All of these issues of "momentum" and professional identity go to the core of what many of us are doing in our teaching, scholarship, and professional service. Just like those who worked diligently to establish their identities as rhetoricians or compositionists--not just somebody who can "do comp" on the side--we must endeavor to create new professional spaces, practices, and forums for our technology-related work. A large part of creating a valued identity as a technologist--or technorhetorician, as some prefer--has to do with establishing a new way to be a professional, whether that comes through attending a conference like Computers & Writing, through publishing in the webbed environments we promote in our scholarship and teaching, or through collaborating electronically with scholars around the nation and the world. And while publication in print journals will always be important in the Academy, those of us who claim an identity as technologists should consider electronic scholarship just as important to our professional growth. Part of this journal's mission is just that--to act as a peer-reviewed resource that can help bring credibility to online scholarship and its new sense of virtual professionalism.

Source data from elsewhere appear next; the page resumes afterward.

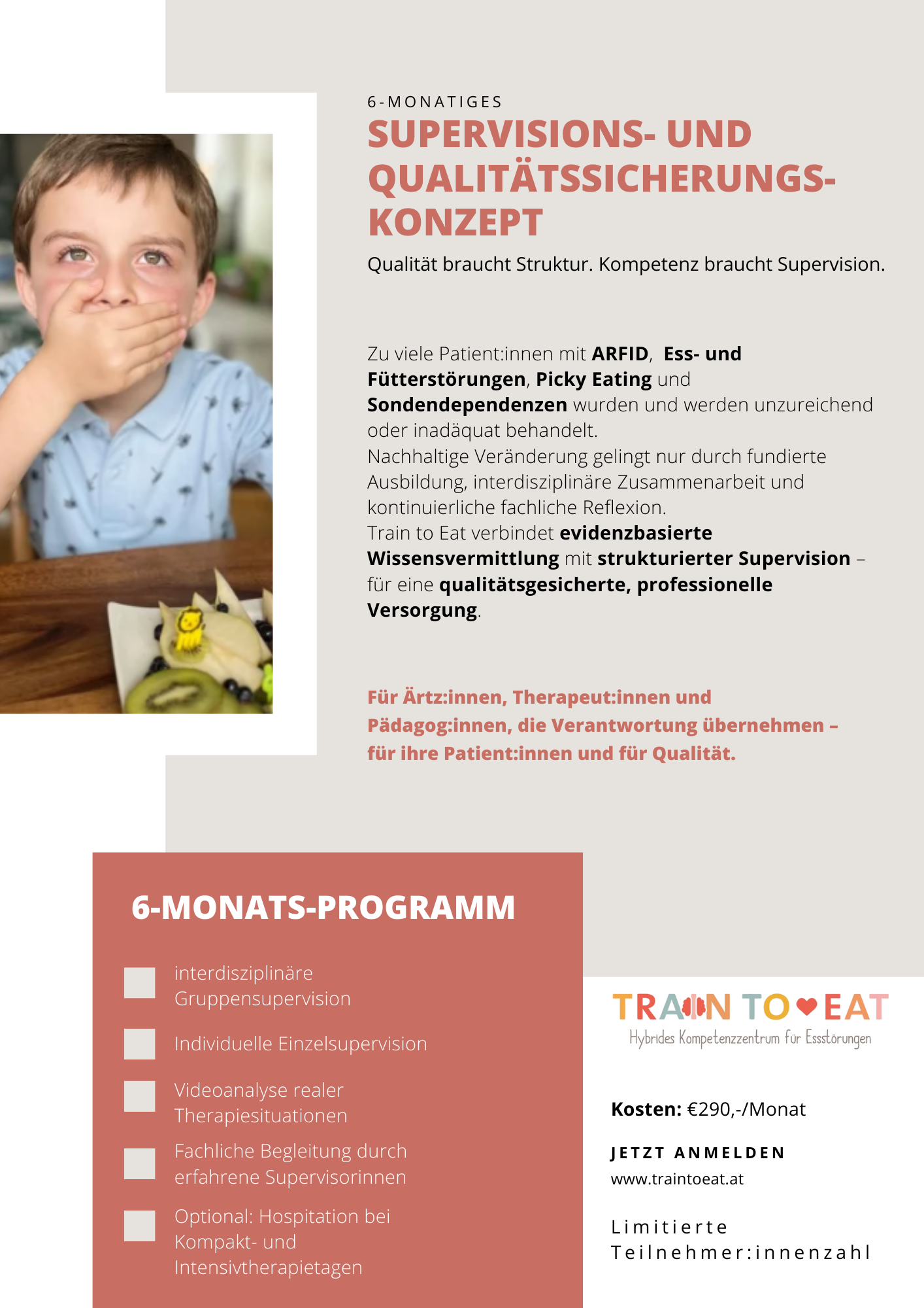 Zu viele Patient:innen mit ARFID, Ess- und Fütterstörungen, Picky Eating und Sondendependenzen wurden und werden unzureichend oder inadäquat behandelt. Nachhaltige Veränderung gelingt nur durch fundierte Ausbildung, interdisziplinäre Zusammenarbeit und kontinuierliche fachliche Reflexion. Train to Eat verbindet evidenzbasierte Wissensvermittlung mit strukturierter Supervision – für eine qualitätsgesicherte, professionelle Versorgung
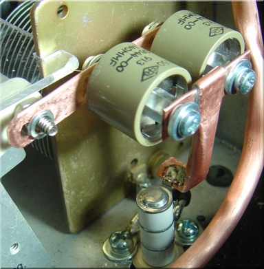 Fitting the plate chokeThe plate choke is from Ameritron. It reads about 200 uH total and is split to avoid in-band resonances. The biggest challange was trying to figure out where to put it!
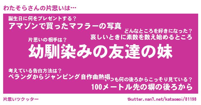 | 胡散臭い通販商品みたいなあだ名 | 『必ず成功する霊験あらたかなお札…その名も「わたそら」』 |
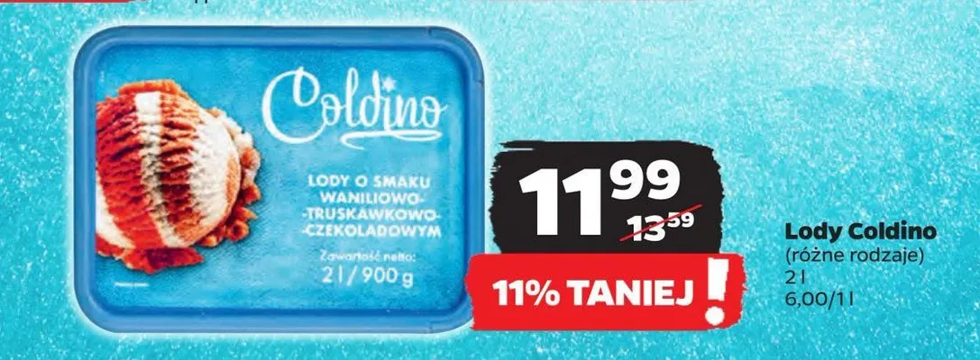 Zastanawiasz si臋, gdzie kupi膰 i ile kosztuje produkt Lody o samku waniliowo - truskawkowo - czekoladowym Coldino? Regularnie sprawdzamy, czy jest promocja na ten produkt w Biedronka, Lidl, Kaufland, Auchan, Netto, Makro i innych sklepach. Aktualnie nie posiadamy ofert promocyjnych na ten produkt.

As I thought later about the possibility that I've lost my professional momentum, that staying off the job market for a few more years might damage my professional reputation, I realized that my--and others'--ability to remain professionally active through online work demonstrates a strong professional identity and plenty of momentum, the results of working in a professional community that so carefully ties together its theories and its own professional practices. If we are to claim that technology and computer-mediated communication will allow our culture to evolve in new and exciting ways, should we not demonstrate that potential with our own lives and work? Should I not become somewhat of a virtual professional for the sake of my family? I think I am lucky to be in a field where technology-enhanced self-determination is possible.

My example is certainly not unique; I think the many individuals who publish in, staff, or read Kairos are going a long way towards establishing their own unique and momentum-filled professional identities as compositionists, technologists, and scholars. So I invite you to look at this journal--and particularly this proceedings issue--in a slightly different light, as both a marker and a promoter of a new type of virtual scholarship and professional identity. Business gurus might call such a challenge of old models of professionalism "thinking outside of the box"; to many of us, it's just what we do.

Virtually,

 Greg
 
 

Greg Siering is the editor and publisher of  Kairos. He is a doctoral student in Composition and Rhetoric at Ball State University where he teaches first-year composition and manages the department website.